Data shown Start Marker

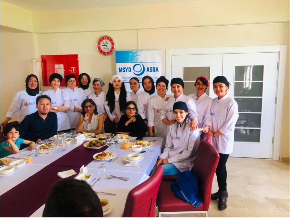Participants of the short-order cooks program prepare a meal for trainers Khairunissa Bhanjee and Khairunissa Panjwani on World Refugee Day (June 20th).
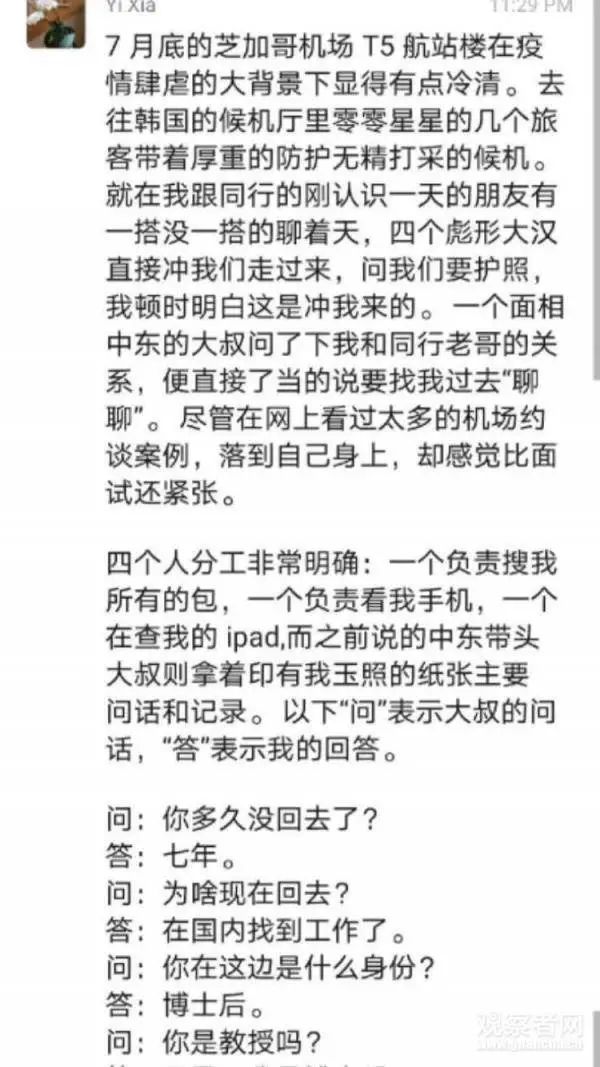 当事人称,在美国芝加哥机场遭遇执法人员的“有罪推定”执法。
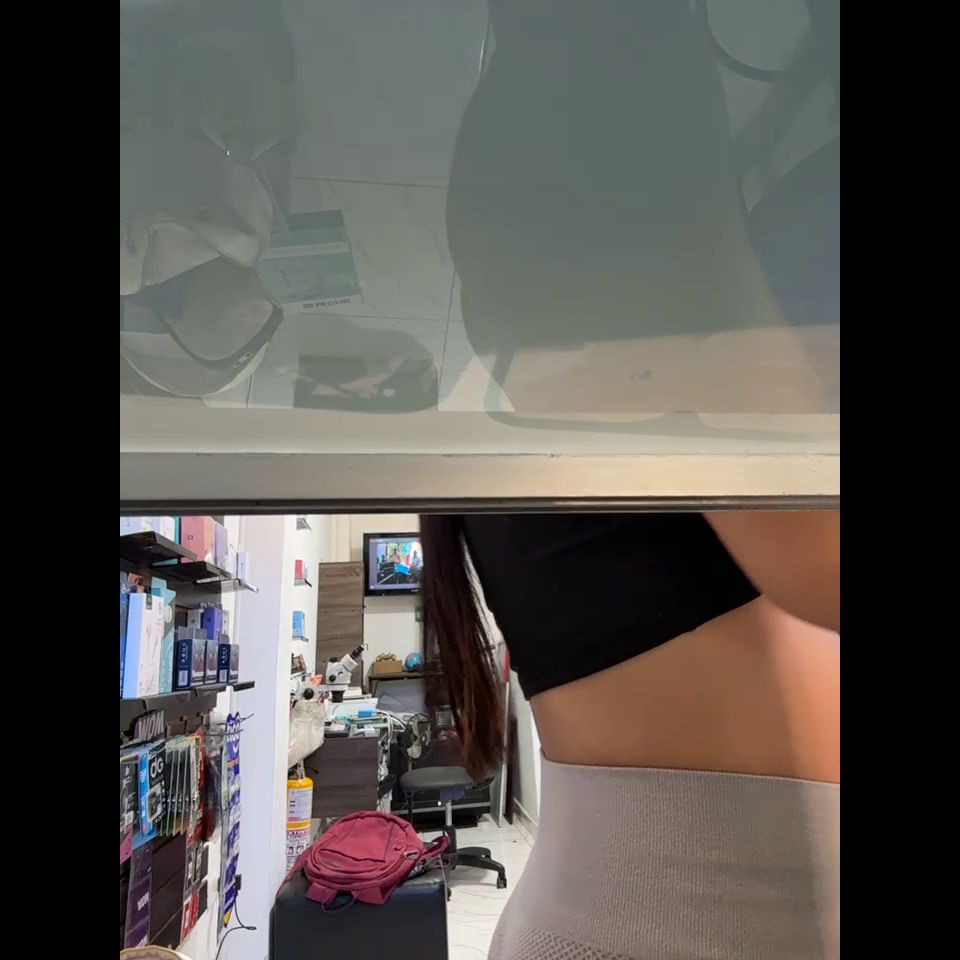 Pregnant girl in a phone shop. Naughty girl Goal - Show open hole ass sexy spank public
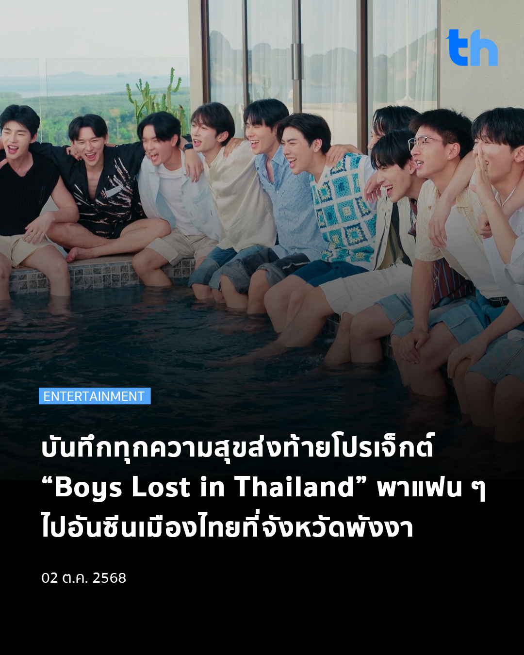 ปิดท้ายด้วยการแชร์โมเมนต์สุดประทับใจของแต่ละคนที่ทำให้ช่วงเวลาของการเดินทางครั้งนี้เต็มไปด้วยความหมายที่ล้ำค่าและเรื่องราวสุดประทับใจ งานนี้บอกเลยว่าเต็มไปด้วยเสียงหัวเราะ รอยยิ้ม และคราบน้ำตา ติดตามชมตอนสุดท้ายของรายการ “Boys Lost in Thailand” EP.11 ออกอากาศวันศุกร์ที่ 3 ตุลาคม 2568 เวลา 19.00 น. ทาง WeTV สำหรับโปรเจ็กต์ต่อไปของหนุ่ม ๆ จะเป็นอะไรนั้นต้องติดตามเร็ว ๆ นี้ บอกเลยว่าตื่นเต้นแน่นอน!!

Data shown End Marker

**Exercise instructions**
Your copy of the listing should match it exactly, apart from the pictures, which are left out.

**Response area**
Participants of the short-order cooks program prepare a meal for trainers Khairunissa Bhanjee and Khairunissa Panjwani on World Refugee Day (June 20th).
 当事人称,在美国芝加哥机场遭遇执法人员的“有罪推定”执法。
 Pregnant girl in a phone shop. Naughty girl Goal - Show open hole ass sexy spank public
 ปิดท้ายด้วยการแชร์โมเมนต์สุดประทับใจของแต่ละคนที่ทำให้ช่วงเวลาของการเดินทางครั้งนี้เต็มไปด้วยความหมายที่ล้ำค่าและเรื่องราวสุดประทับใจ งานนี้บอกเลยว่าเต็มไปด้วยเสียงหัวเราะ รอยยิ้ม และคราบน้ำตา ติดตามชมตอนสุดท้ายของรายการ “Boys Lost in Thailand” EP.11 ออกอากาศวันศุกร์ที่ 3 ตุลาคม 2568 เวลา 19.00 น. ทาง WeTV สำหรับโปรเจ็กต์ต่อไปของหนุ่ม ๆ จะเป็นอะไรนั้นต้องติดตามเร็ว ๆ นี้ บอกเลยว่าตื่นเต้นแน่นอน!!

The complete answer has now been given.